Boy, howdy! is this a good-looking movie in a gloomy/gothic sort of way. The production design is primarily done in grays and blacks and reds; it reminds me of Edward Gorey's set designs for the 1970s stage revival of Dracula. The actors are all very good, with Benicio Del Toro doing an uncanny impersonation of the Chaneys (he actually looks more like Lon senior than junior), and Anthony Hopkins doing a variation of eccentric that should be a dead giveaway as to the plot turns later in the movie. Emily Blunt is fine in the thankless role of love interest--more than fine, actually; she manages to erase any fond memories I might harbor of Evelyn Ankers. Some of that might be the work of her wardrobe, which is elegant and gothy without being stereotypical.
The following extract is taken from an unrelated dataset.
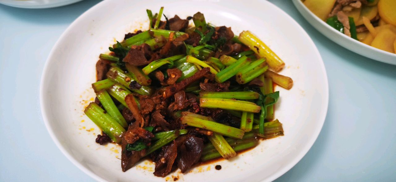 步骤4、入芹菜,翻炒,加盐,少许生抽。

The set pieces are engaging and well staged. Joe Johnston is a fairly classical director who doesn't go in for the run and gun style, so the audience is clued in to what's actually happening on-screen most of the time. The filmmakers have resisted the urge to tone down the violence for the PG-13 audience, but the various dismemberments don't overwhelm things. The best scene in the movie is the asylum scene, where poor, doomed Larry Talbot is trotted out for the assembled psychiatrists to demonstrate how baseless his delusions are. I wish it had a better instinct for the jugular, but it's a fun scene. And the end of the movie is like the end of the best Paul Naschy werewolf movie ever made.

All told, a pleasant surprise.

Thursday, February 11, 2010

Embracing Pedro


I've been mulling over Pedro Almodovar's Broken Embraces (2009) for about a week now. It's a film drunk on movies. It's as constructed of other movies as any Tarantino film, and like Tarantino--hell, MORE than Tarantino--Almodovar has internalized his sources and spit them out as his own inspiration. This movie is his 8-1/2 and his Peeping Tom all rolled into one and filtered through Bad Education. It has four basic narratives, including a film within a film remake of one of his own movies, all of them centered around a director whose memories of a life in film haunt him after his blindness. More to the point, though, it provides Penelope Cruz a role that embodies everything the director loves about actresses. She's his Audrey Hepburn, Claudia Cardinale, and Marilyn Monroe all rolled into one in this movie. The opening shot during the credits tells you everything: it watches Cruz as she prepares for a take. Like the Nouvelle Vague directors, Almodovar understands that movies were invented for gazing at beautiful women.

It's in its particulars, however, that the movie sings. There are two sex scenes that give lie to the notion that there are no new ways to film sex scenes. There is a shot of Lluís Homar and Cruz together on a beach that looks like an alien landscape that says almost everything about love and the photographic image, and there is a shot in which the fictional blind director frames his last kiss with his lover between his hands as it plays on a grainy video that might be my favorite shot in all of Almodovar's films. And the climax isn't a big reveal that ties up the film's mysteries--it leaves some danging loose ends, thankfully--but is rather the restoration of a murdered movie.

All of this is filtered through a kind of formal classicism that Almodovar has been drifting towards for a little more than a decade, though, like everything else, he's internalized it and converted it into his own cinematic anima. This film is a masterpiece when viewed through that lens: beautiful, enigmatic, complex, everything anyone could want from a movie. What I mostly take away from this movie is a desire to watch more movies. In this regard, it's a gift to me at a time when my need to watch movies has been at an ebb.